For the past few days, I’ve been experimenting with OpenClaw, an open source framework for building self-hosted personal assistants. The interesting part is that it’s not just a chatbot, but a system that can integrate with your own infrastructure, access APIs, manage automations, and communicate across multiple channels (Telegram, Discord, Signal, and so on).

Why OpenClaw?

In the AI assistant landscape, most solutions are cloud-based and closed source. OpenClaw takes a different approach:

  • Self-hosted: it runs on your own hardware
  • Modular: a skill system that extends the assistant’s capabilities
  • Multi-channel: Telegram, Discord, WhatsApp, Signal, Slack, and more
  • Specialized agents: the ability to spawn sub-agents for specific tasks

The setup

I installed OpenClaw on a local Linux machine. The basic setup is relatively simple:

npm install -g openclaw
openclaw gateway start

The gateway is the heart of the system: it manages sessions, messaging provider connections, and coordinates the agents.

Defining the assistant’s identity

The most interesting part was configuring the assistant’s personality. To do that, I used Claude Opus 4.5 — a very capable model that analyzed information from my personal website to understand who I am, what I do, and how I like to communicate.

That analysis produced a file called SOUL.md, which defines the assistant’s character: a competent digital butler, with a touch of irony, speaking Italian and knowing when to be discreet. The chosen emoji is 😺 — a small personal touch.

OpenClaw’s approach is interesting: instead of ad-hoc prompt engineering for each interaction, it relies on context files (SOUL.md, USER.md, AGENTS.md) that the assistant reads automatically at each session start. This gives you behavioral consistency without having to repeat instructions all the time.

Active integrations

At the moment I have configured:

  • Telegram: the main channel for interacting with the assistant
  • Git: repository operations, commits, pushes
  • Skill system: weather, web search, wacli for WhatsApp
  • Cron: recurring task scheduling and reminders

Skills

The skill system is well designed. Each skill is a folder containing:

  • SKILL.md: documentation on how to use it
  • Scripts/binaries for specific operations
  • References to external tools (for example himalaya for email)
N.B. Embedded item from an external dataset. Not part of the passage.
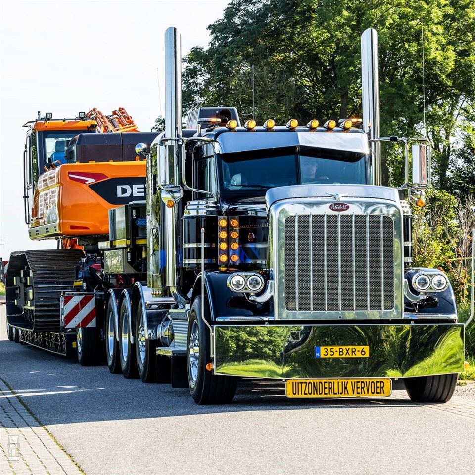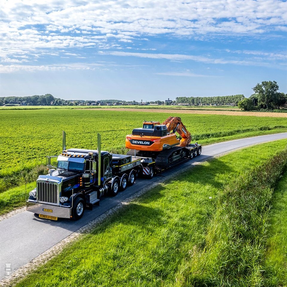 Onder de kap vinden we een indrukwekkende 15-liter zescilinder van Cummins, die tot 605 pk levert. Peterbilt leverde dit model overigens ook met de MX-13 van DAF. Anema Arum koppelt de indrukwekkende trekker voor een drie-assige Nooteboom dieplader met dolly. Zeker geladen met een indrukwekkende machine van Develon is dit een span om je vingers bij af te likken.

I currently have skills for:

  • Checking the weather
  • Searching the web
  • Interacting with Reddit, Hacker News, and FreshRSS
  • Handling email via IMAP/SMTP
  • And many others

The assistant in action

The assistant really behaves like a digital butler:

  • It replies directly on Telegram when it has something to communicate
  • It can run shell commands, edit files, and manage git
  • It performs web research and reports back the results
  • It keeps long-term memory in markdown files
  • It knows when to stay quiet (for example in group chats, when there is no need to intervene)

Scheduled automations

A key part of the setup is recurring automation, handled through OpenClaw’s cron system:

  • Every morning: a weather update for the day
  • Monday to Friday, mid-morning: collection of news relevant to my work from my FreshRSS feed
  • At lunchtime: a summary of the day’s important news
  • WhatsApp group monitoring: if it detects more than 10 unread messages in a group with friends over the last 4 hours, it sends me a Telegram summary with the key points of the conversation
  • Monthly spending analysis: every 17th of the month, it analyzes a CSV export of my expenses (covering the period from the 17th of the previous month to the 17th of the current month) and generates a full report with trends, savings suggestions, and yearly projections

This creates an automatic information flow that keeps me updated without having to manually check multiple sources.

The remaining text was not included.